Supplied data section start

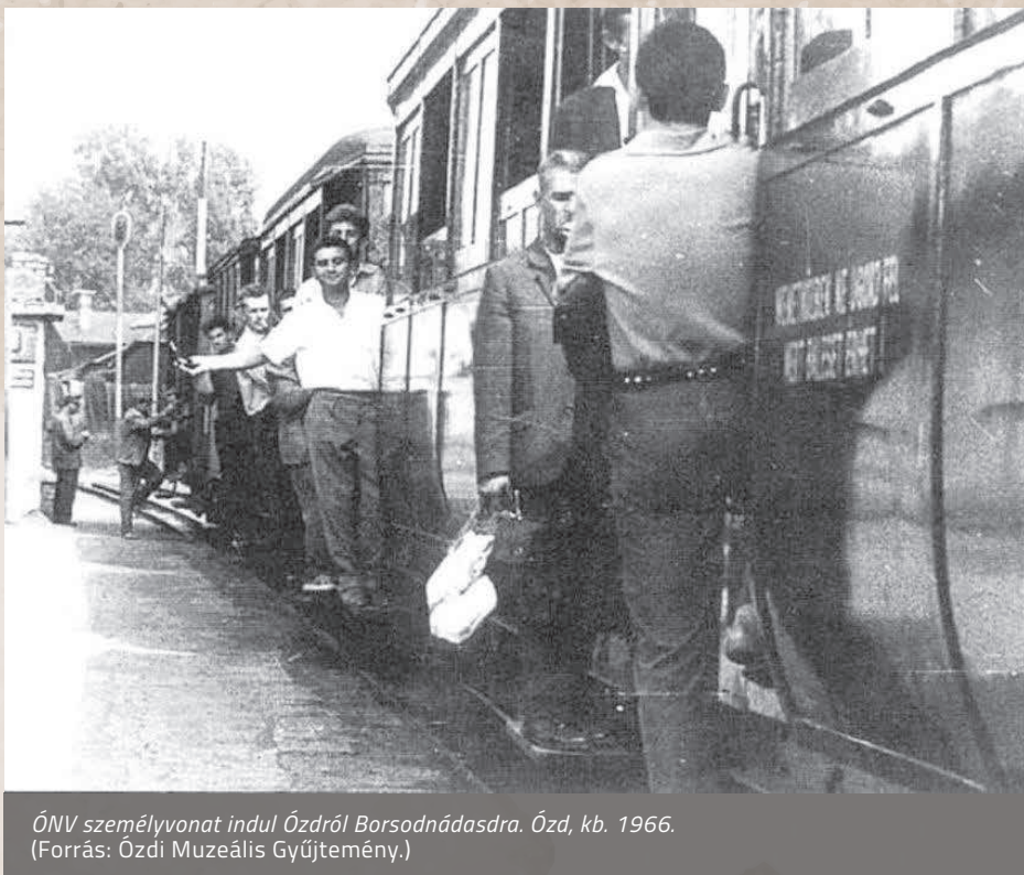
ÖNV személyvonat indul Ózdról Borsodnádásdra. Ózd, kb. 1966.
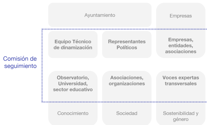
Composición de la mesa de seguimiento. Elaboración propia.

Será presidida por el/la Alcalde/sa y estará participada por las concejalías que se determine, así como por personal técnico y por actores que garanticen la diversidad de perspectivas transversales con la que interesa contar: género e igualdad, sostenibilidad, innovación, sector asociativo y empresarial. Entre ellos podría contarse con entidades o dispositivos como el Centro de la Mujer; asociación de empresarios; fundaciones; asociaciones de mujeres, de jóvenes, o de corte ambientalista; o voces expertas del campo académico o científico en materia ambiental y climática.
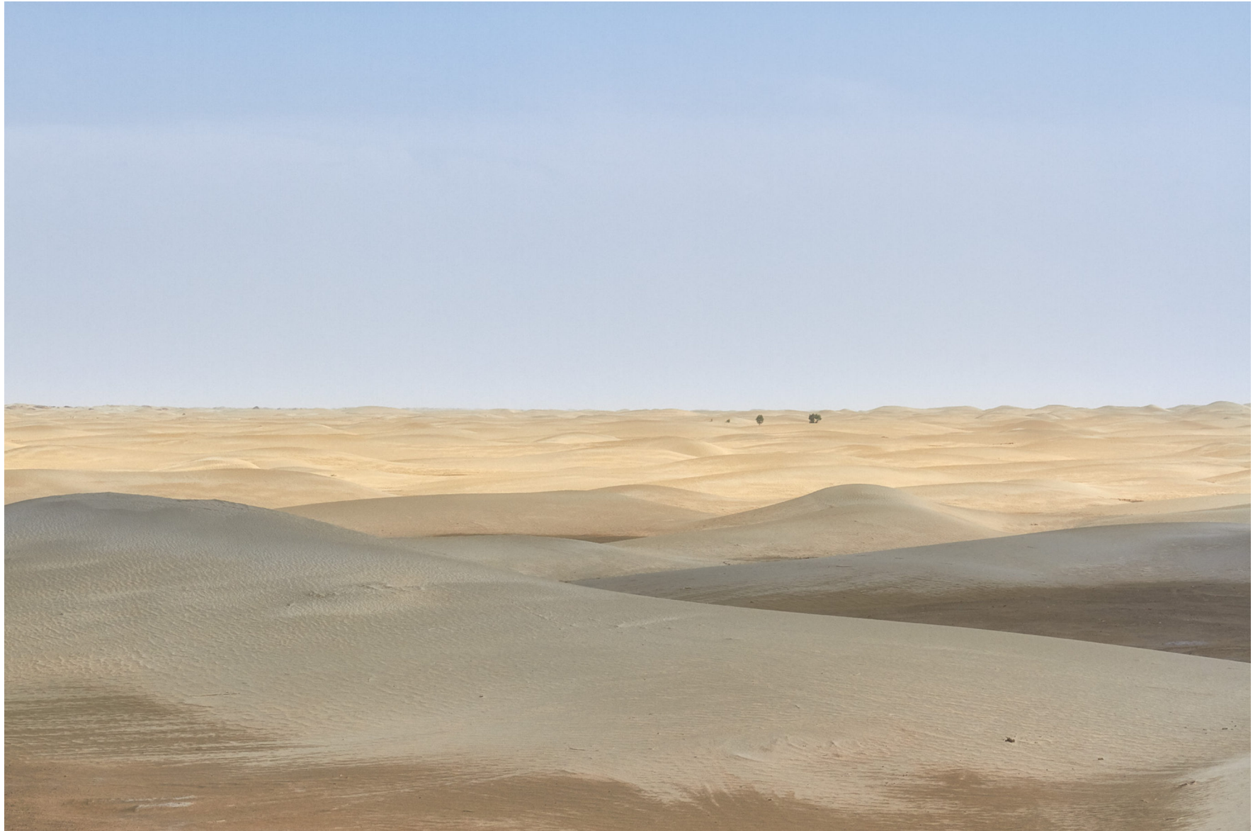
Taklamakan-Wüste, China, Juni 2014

Supplied data section end

§ **What the task asks**: The copy must match the listing above exactly, except that it holds no pictures.

§ **Problem solution**:
ÖNV személyvonat indul Ózdról Borsodnádásdra. Ózd, kb. 1966.
Composición de la mesa de seguimiento. Elaboración propia.

Será presidida por el/la Alcalde/sa y estará participada por las concejalías que se determine, así como por personal técnico y por actores que garanticen la diversidad de perspectivas transversales con la que interesa contar: género e igualdad, sostenibilidad, innovación, sector asociativo y empresarial. Entre ellos podría contarse con entidades o dispositivos como el Centro de la Mujer; asociación de empresarios; fundaciones; asociaciones de mujeres, de jóvenes, o de corte ambientalista; o voces expertas del campo académico o científico en materia ambiental y climática.
Taklamakan-Wüste, China, Juni 2014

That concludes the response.